• TASK STATEMENT: Using the data below, output a verbatim copy of the lines between the one holding "四年级数学北师版下册单元卷" and the one holding "A knitted take", inclusive, without any pictures.

• THE INPUT:
====================

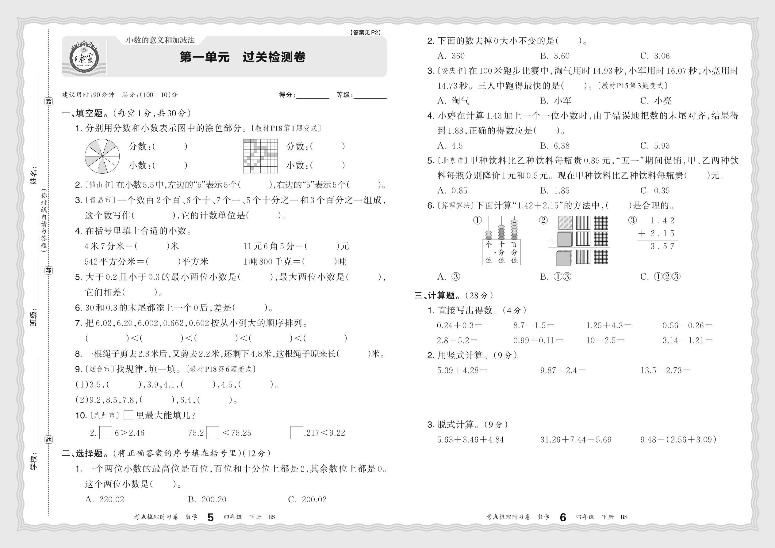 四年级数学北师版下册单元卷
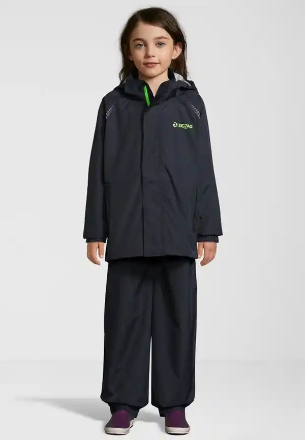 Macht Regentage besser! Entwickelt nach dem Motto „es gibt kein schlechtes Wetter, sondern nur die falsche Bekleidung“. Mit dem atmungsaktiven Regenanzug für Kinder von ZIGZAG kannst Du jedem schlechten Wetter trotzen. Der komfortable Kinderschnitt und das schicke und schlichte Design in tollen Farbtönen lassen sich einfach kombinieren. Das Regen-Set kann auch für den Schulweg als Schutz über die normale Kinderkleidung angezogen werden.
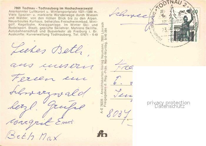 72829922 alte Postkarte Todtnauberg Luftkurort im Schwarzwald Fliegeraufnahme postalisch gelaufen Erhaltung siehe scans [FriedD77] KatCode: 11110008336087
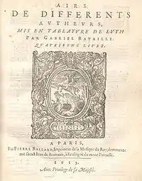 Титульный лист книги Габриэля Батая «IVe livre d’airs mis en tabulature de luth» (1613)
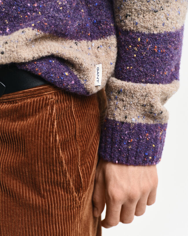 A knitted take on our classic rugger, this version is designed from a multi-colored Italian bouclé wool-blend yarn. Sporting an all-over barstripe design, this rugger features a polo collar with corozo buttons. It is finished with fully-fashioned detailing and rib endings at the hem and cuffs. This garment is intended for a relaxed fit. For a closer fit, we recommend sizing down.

====================

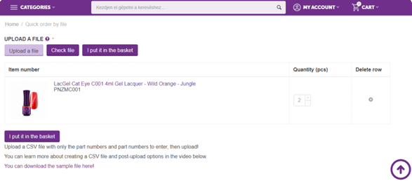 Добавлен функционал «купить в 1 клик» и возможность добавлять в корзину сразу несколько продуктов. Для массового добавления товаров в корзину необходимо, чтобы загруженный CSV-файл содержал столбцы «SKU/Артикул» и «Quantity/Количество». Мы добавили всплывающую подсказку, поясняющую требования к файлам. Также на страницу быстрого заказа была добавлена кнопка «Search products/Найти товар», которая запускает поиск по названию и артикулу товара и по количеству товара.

====================

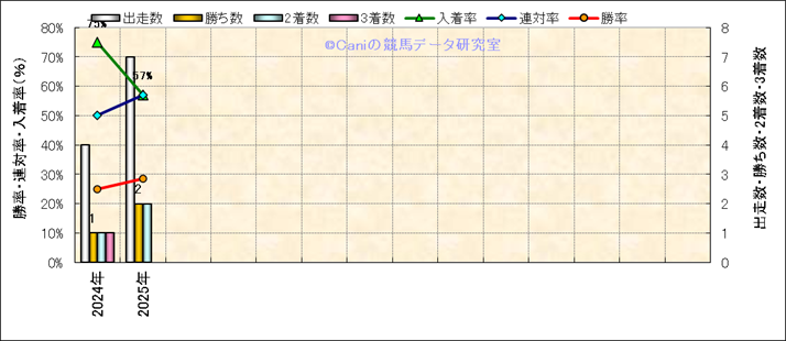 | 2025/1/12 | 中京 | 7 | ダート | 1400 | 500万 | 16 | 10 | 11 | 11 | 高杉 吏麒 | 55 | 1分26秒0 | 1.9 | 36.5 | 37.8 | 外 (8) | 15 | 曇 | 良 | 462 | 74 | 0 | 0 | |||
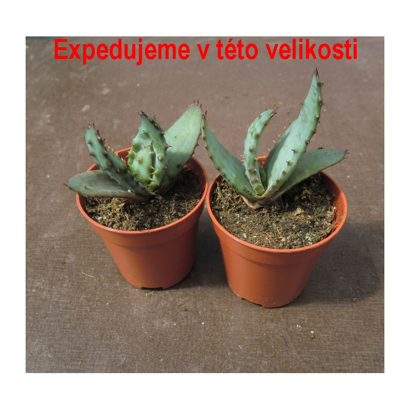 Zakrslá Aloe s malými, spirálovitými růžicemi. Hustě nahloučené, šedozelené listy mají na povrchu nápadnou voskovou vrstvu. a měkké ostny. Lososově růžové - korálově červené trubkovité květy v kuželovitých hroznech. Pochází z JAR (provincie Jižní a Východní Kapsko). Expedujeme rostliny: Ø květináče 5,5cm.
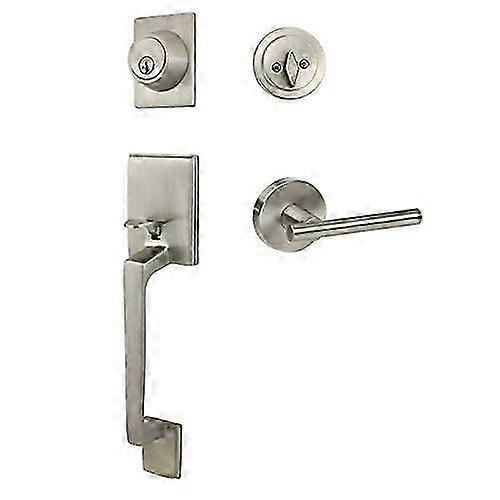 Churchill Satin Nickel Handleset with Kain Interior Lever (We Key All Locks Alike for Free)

====================

• TASK RESULT:
 四年级数学北师版下册单元卷
 Macht Regentage besser! Entwickelt nach dem Motto „es gibt kein schlechtes Wetter, sondern nur die falsche Bekleidung“. Mit dem atmungsaktiven Regenanzug für Kinder von ZIGZAG kannst Du jedem schlechten Wetter trotzen. Der komfortable Kinderschnitt und das schicke und schlichte Design in tollen Farbtönen lassen sich einfach kombinieren. Das Regen-Set kann auch für den Schulweg als Schutz über die normale Kinderkleidung angezogen werden.
 72829922 alte Postkarte Todtnauberg Luftkurort im Schwarzwald Fliegeraufnahme postalisch gelaufen Erhaltung siehe scans [FriedD77] KatCode: 11110008336087
 Титульный лист книги Габриэля Батая «IVe livre d’airs mis en tabulature de luth» (1613)
 A knitted take on our classic rugger, this version is designed from a multi-colored Italian bouclé wool-blend yarn. Sporting an all-over barstripe design, this rugger features a polo collar with corozo buttons. It is finished with fully-fashioned detailing and rib endings at the hem and cuffs. This garment is intended for a relaxed fit. For a closer fit, we recommend sizing down.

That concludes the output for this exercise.